Various techniques have been developed for identifying road surface types. For instance, Tai et al. proposed a motorcycle-based pavement evaluation system that utilizes a smartphone’s triaxial accelerometer, employing both supervised and unsupervised machine learning methods to detect road anomalies and assess pavement quality10. Similarly, Takahashi et al. developed a bicycle-based road condition monitoring system, which classifies road surface signals captured by smartphones into categories such as damage or flatness11. Menegazzo et al. developed a CNN-based deep neural network model that uses accelerometer and gyroscope data from different vehicles, drivers, and environments to classify road surfaces into categories such as asphalt and dirt roads12. Lee et al. introduced a real-time pavement classification algorithm that uses deep neural networks and triaxial accelerometers to distinguish between asphalt, gravel, and unpaved roads13. Al-Mansour also developed a low-cost pavement maintenance management system, using inexpensive sensors embedded in smartphones to classify road surfaces as “Good,” “Fair,” “Poor,” or “Very Poor”14.

Remote sensing technologies have also been widely used to identify road surface types. Dobson et al. used aerial images collected from remote-controlled helicopters or manned fixed-wing aircraft to create three-dimensional models of road segments, detecting potholes and cracks in the pavement15. Brooks et al. introduced an object-based classification algorithm that uses optical aerial imagery with a resolution of 0.3 meters to classify road surfaces as either paved or unpaved16. Thiede et al. used high-resolution remote sensing imagery (0.5 meters) to identify unpaved roads in South Africa’s Gauteng and Northwest provinces17. Brewer et al. employed a convolutional neural network (CNN) algorithm to predict road surface types using 0.3-meter resolution remote sensing images18. Recently, Zhou et al. proposed a method combining OpenStreetMap data with high-resolution satellite imagery, leveraging the VGG-16 model to identify paved and unpaved roads. They also developed the first dataset of road surface types in Kenya, Africa19.

Despite these advancements, there are still some limitations in existing studies. First, using mobile devices mounted on vehicles to identify road surface types is a time-consuming and labor-intensive task, as this method can only collect road surface data for individual roads. While high-resolution remote sensing data (e.g., with a resolution greater than 1 meter) can be used to identify road surface types over large-scale road networks, such as at the national or regional level, vegetation in densely covered areas may obstruct the view, reducing the accuracy of surface type identification.

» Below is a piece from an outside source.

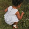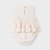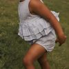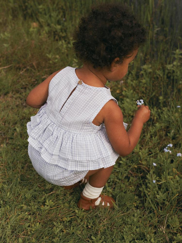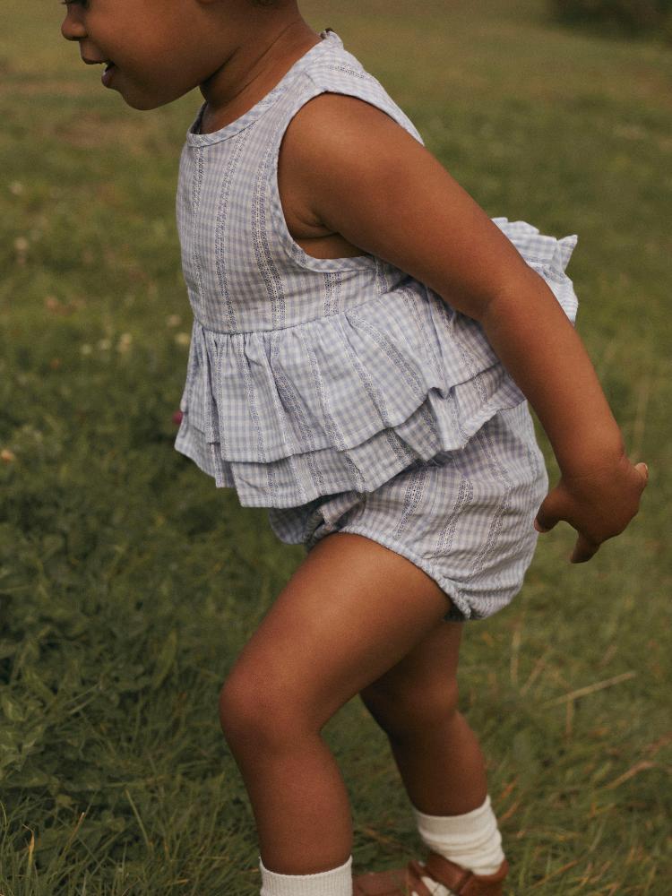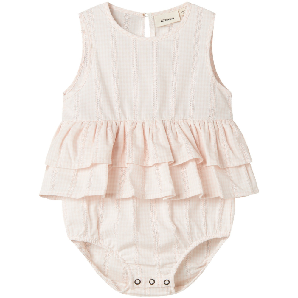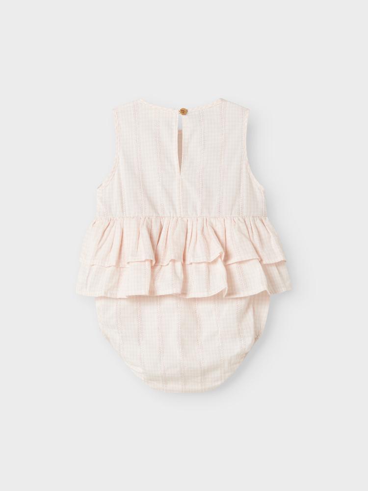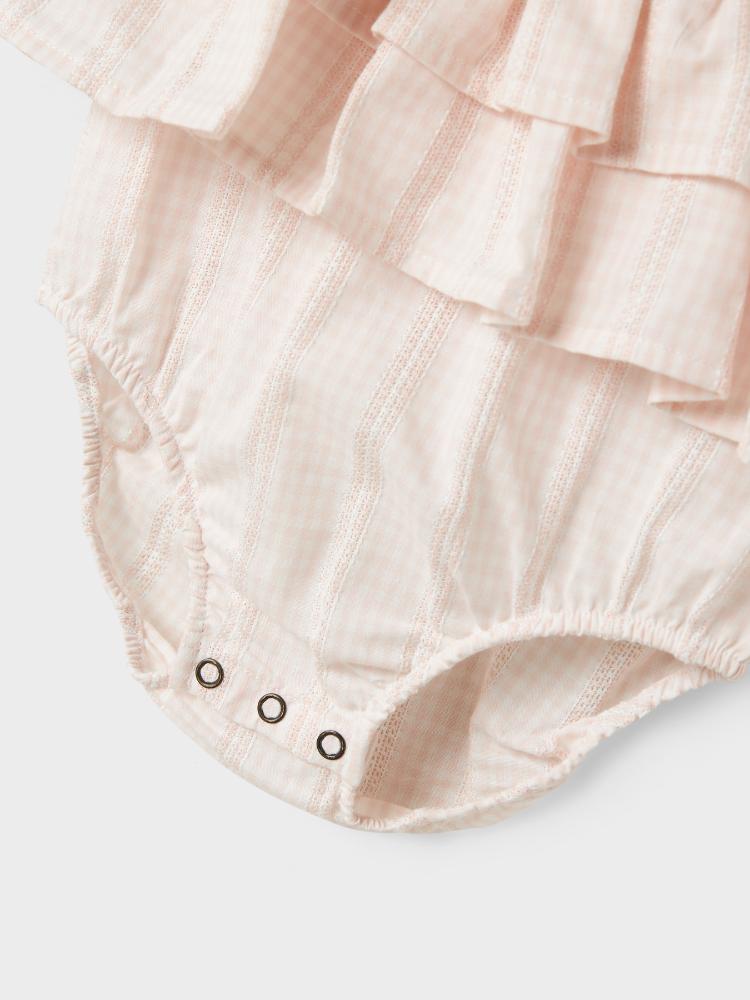 Søt og luftig ermeløs body i myk 100% økologisk bomull, perfekt for varme dager eller til å ha under en cardigan. Den vevde kvaliteten har et klassisk rutemønster og en lett tekstur som gir et delikat og tidløst uttrykk. Bodyen har rund hals, volangdetaljer på skuldrene og både knappelukking bak og trykknapper i skrittet for enkel på- og avkledning.

In recent years, open street view data (e.g., from Mapillary20 and OpenStreetCam21) has become increasingly available. These crowdsourced street views, contributed by volunteers from different countries and regions22,23, have proven to be valuable for identifying road surface types. Thanks to their open access and global coverage, crowdsourced street view data is considered one of the most important data sources for this task. For example, Lee et al. proposed an AdapNet-based semantic segmentation model that can segment road pixels from Mapillary crowdsourced street view and classify them as either paved or unpaved roads24. Despite this progress, deep learning models for road surface type identification require large training datasets. To the best of our knowledge, there is currently a lack of publicly available datasets specifically designed for identifying road surface types from crowdsourced street views.

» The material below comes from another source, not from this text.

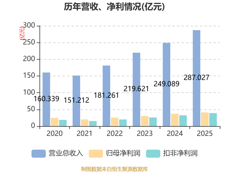中证智能财讯时代电气(688187)3月28日披露2025年年度报告。2025年,公司实现营业总收入287.03亿元,同比增长15.23%;归母净利润40.97亿元,同比增长10.64%;扣非净利润39亿元,同比增长20.91%;经营活动产生的现金流量净额为39.65亿元,同比增长17.96%;报告期内,时代电气基本每股收益为2.99元,加权平均净资产收益率为9.81%。公司2025年度分配预案为:拟向全体股东每10股派现6.8元(含税)。

Therefore, this study aims to develop the first comprehensive Mapillary crowdsourced street view dataset that includes a large number of samples labeled with road surface types. The main contributions of this study are as follows:

  1. 1)

    The first dataset containing 200,000 Mapillary street images has been developed, all of which were collected from Africa. These images are classified into three categories: ‘Paved,’ ‘Unpaved,’ and ‘Unknown.’

  2. 2)

    This study demonstrates the effectiveness of deep learning models trained on the aforementioned dataset. It also shows that the models can accurately classify road surface types in six sub-regions of Africa, with classification metrics all exceeding 0.95.

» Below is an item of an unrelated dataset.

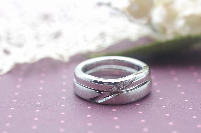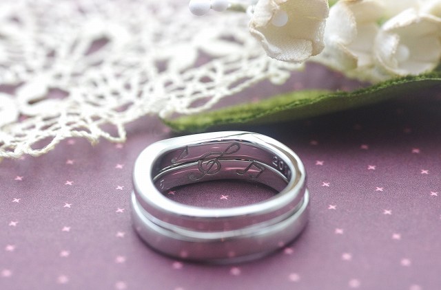 音楽を通じで知り合ったというお2人。重厚感のあるリングに、内側には楽しい雰囲気に音符が彫られました。表面にもレディース、メンズが繋がる様ラインを施し、レディースにはダイヤを留めました。

This study focuses on the African region due to the generally low rate of road paving compared to other parts of the world25. For example, an existing study has reported that 70% of roads in sub-Saharan Africa remain unpaved26, resulting in poor transportation and inefficient trade, which in turn hinders local socio-economic development. Therefore, our classified street view dataset may provide valuable data support for improving transportation infrastructure in Africa.

Methods

Overview

This study developed a dataset consisting of 200,000 street view images classified by different road surface types. The main steps involved are as follows:

Firstly, Africa was divided into grids of a certain size, and Mapillary street view images along with their location data were randomly selected from each grid as candidates. Then, road data for Africa was obtained and matched with the street view data, filtering out those street views that corresponded to roads and included road surface type labels. Next, street view images with different road surface types were randomly and evenly sampled from the candidate set, and visually reclassified to produce the final dataset. Finally, deep learning models were trained based on the street view labeled dataset, and the trained models were applied to different sub-regions of Africa to validate the effectiveness and usability of the dataset. The workflow is shown in Fig. 1.

Fig. 1
figure 1

The workflow of our approach.

Data collection

Mapillary street view

In this study, 3,440 grids of 100 km × 100 km were created across Africa. The Mapillary API (https://www.mapillary.com/developer/api-documentation) was then used to randomly retrieve street view images from each grid along with their corresponding location information (represented by latitude and longitude coordinates), resulting in a total of 907,963 street view images.

The main advantages of using Mapillary street view data include: 1) The data is freely accessible. 2) In addition to street view images, Mapillary provides location information for each image, which facilitates the visualization of the spatial distribution of road surface types. 3) Mapillary data has global coverage20, making it suitable for large-scale studies at national and regional levels. In contrast, Google Street View data is only available in certain countries or regions.

Road data

This study utilized OpenStreetMap (OSM) road data, specifically for roads that are accessible to motor vehicles (as shown in Table 1). The data can be obtained from the third-party platform at (http://download.geofabrik.de/index.html). OSM data has the advantages of global coverage and open accessibility27,28. More importantly, OSM road data includes tags (e.g., surface = paved) that record the road surface type, providing a reference for classifying road surface types in Mapillary street view images.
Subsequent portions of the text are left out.